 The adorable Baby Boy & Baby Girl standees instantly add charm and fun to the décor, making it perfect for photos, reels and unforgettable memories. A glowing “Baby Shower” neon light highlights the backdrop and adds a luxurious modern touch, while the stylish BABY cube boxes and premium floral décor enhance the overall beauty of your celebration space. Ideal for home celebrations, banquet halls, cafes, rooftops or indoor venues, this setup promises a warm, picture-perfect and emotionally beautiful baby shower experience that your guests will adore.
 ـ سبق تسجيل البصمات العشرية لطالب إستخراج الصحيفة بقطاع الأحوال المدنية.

========

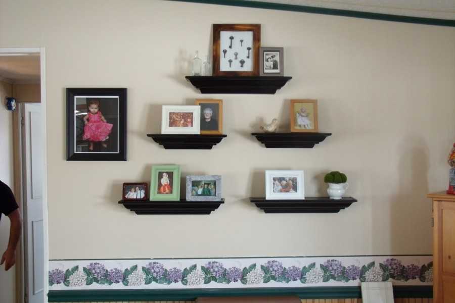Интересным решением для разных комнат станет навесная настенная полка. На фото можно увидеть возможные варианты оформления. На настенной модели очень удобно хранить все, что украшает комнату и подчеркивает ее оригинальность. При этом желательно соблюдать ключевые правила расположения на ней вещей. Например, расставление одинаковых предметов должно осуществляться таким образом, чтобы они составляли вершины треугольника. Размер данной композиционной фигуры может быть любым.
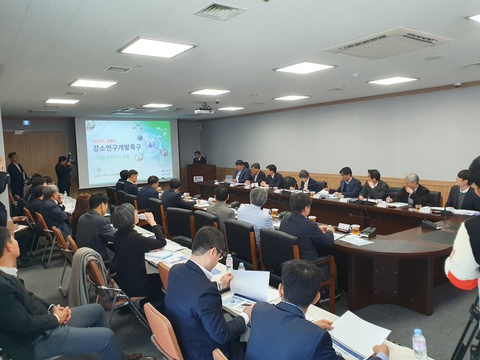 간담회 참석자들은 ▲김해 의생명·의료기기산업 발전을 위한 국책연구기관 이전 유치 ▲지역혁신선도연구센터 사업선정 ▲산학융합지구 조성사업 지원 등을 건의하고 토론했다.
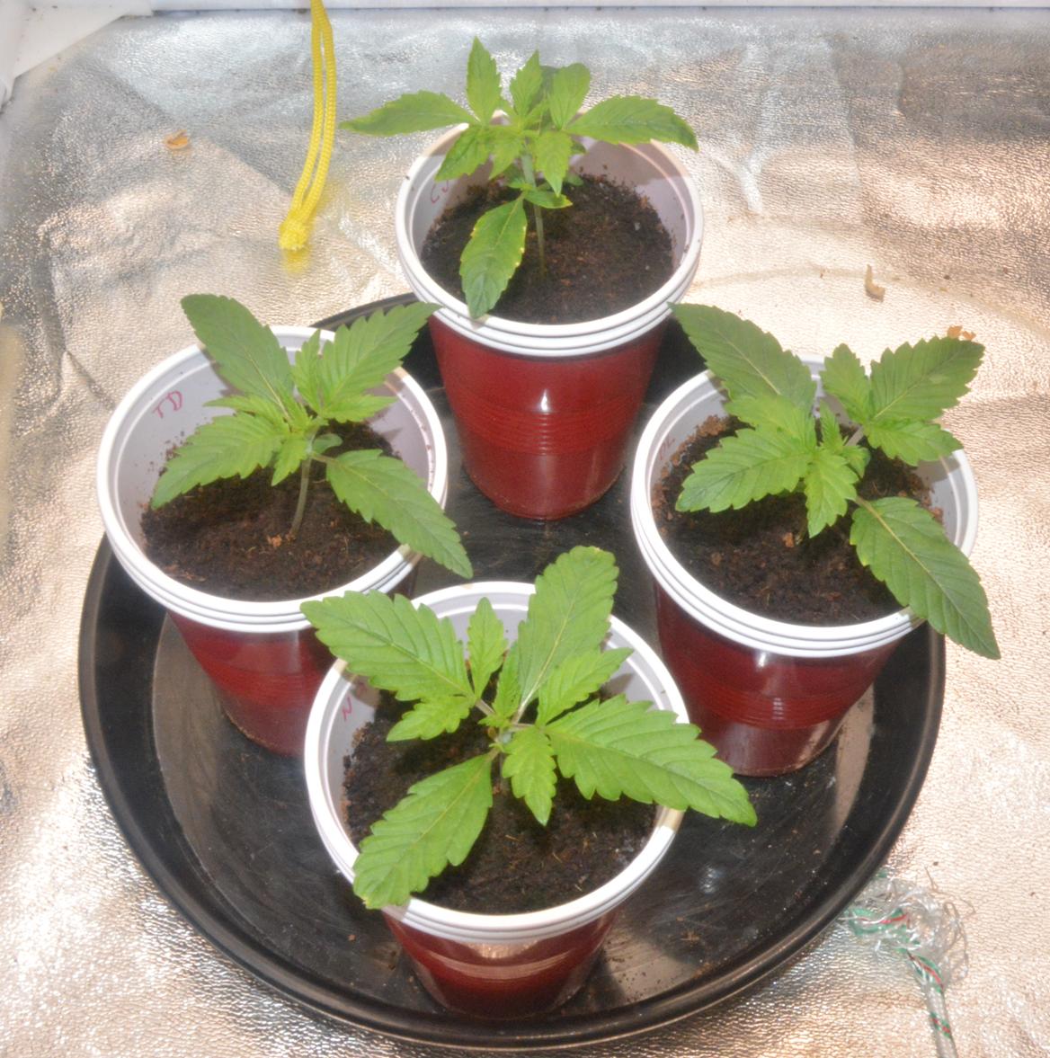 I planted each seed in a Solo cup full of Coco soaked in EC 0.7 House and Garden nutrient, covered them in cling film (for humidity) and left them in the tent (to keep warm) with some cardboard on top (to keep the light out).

========

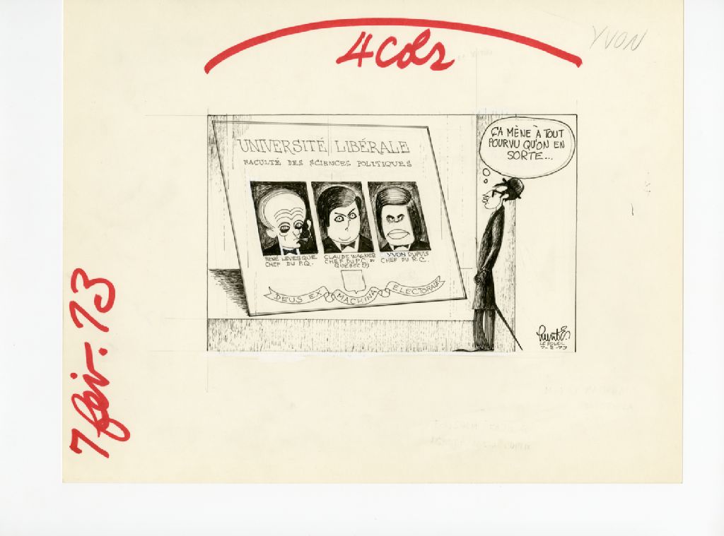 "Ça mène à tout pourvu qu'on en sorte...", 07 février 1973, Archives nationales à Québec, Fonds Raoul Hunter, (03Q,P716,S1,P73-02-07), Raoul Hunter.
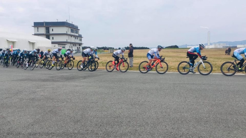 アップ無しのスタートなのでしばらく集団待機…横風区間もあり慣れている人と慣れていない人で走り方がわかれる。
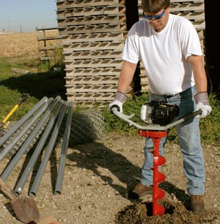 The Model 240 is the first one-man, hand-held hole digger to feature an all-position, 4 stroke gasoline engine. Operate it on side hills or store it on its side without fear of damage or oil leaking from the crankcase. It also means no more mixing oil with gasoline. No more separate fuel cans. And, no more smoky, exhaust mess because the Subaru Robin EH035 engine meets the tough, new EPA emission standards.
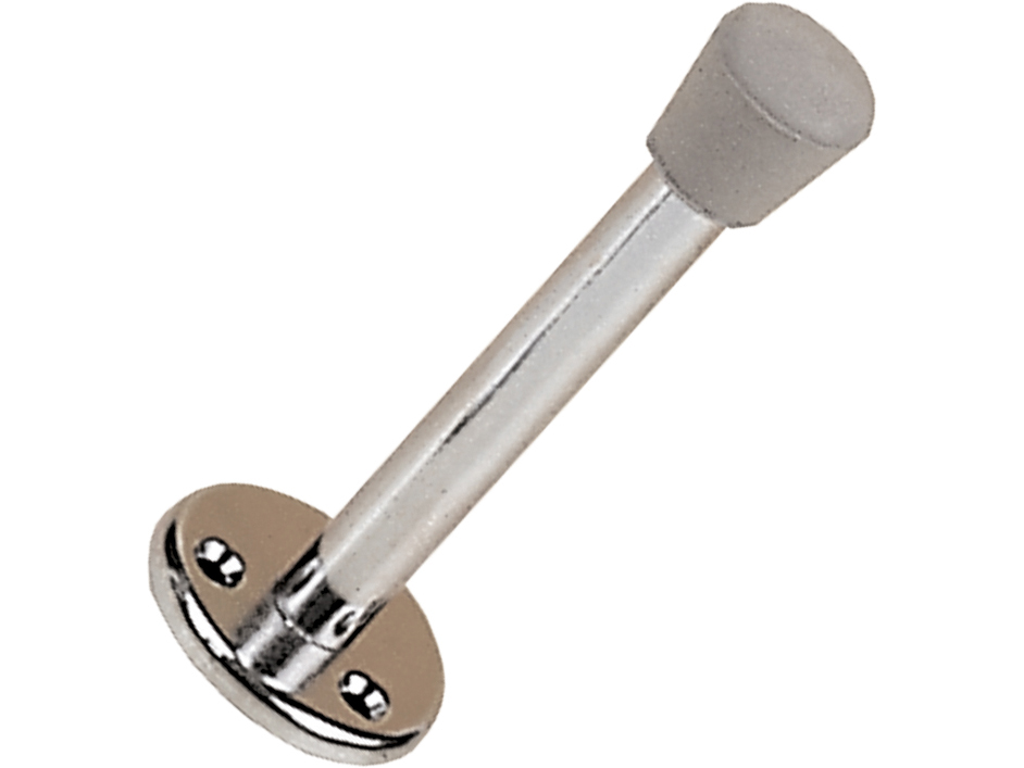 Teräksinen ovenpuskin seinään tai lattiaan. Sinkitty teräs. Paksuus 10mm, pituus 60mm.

========

▶ **Instructions for the task**
Repeat exactly the lines of the listing above, from the one with "The adorable Baby" down to the one with "ـ سبق تسجيل"; both of those lines belong in the range.

▶ **Finished task**
 The adorable Baby Boy & Baby Girl standees instantly add charm and fun to the décor, making it perfect for photos, reels and unforgettable memories. A glowing “Baby Shower” neon light highlights the backdrop and adds a luxurious modern touch, while the stylish BABY cube boxes and premium floral décor enhance the overall beauty of your celebration space. Ideal for home celebrations, banquet halls, cafes, rooftops or indoor venues, this setup promises a warm, picture-perfect and emotionally beautiful baby shower experience that your guests will adore.
 ـ سبق تسجيل البصمات العشرية لطالب إستخراج الصحيفة بقطاع الأحوال المدنية.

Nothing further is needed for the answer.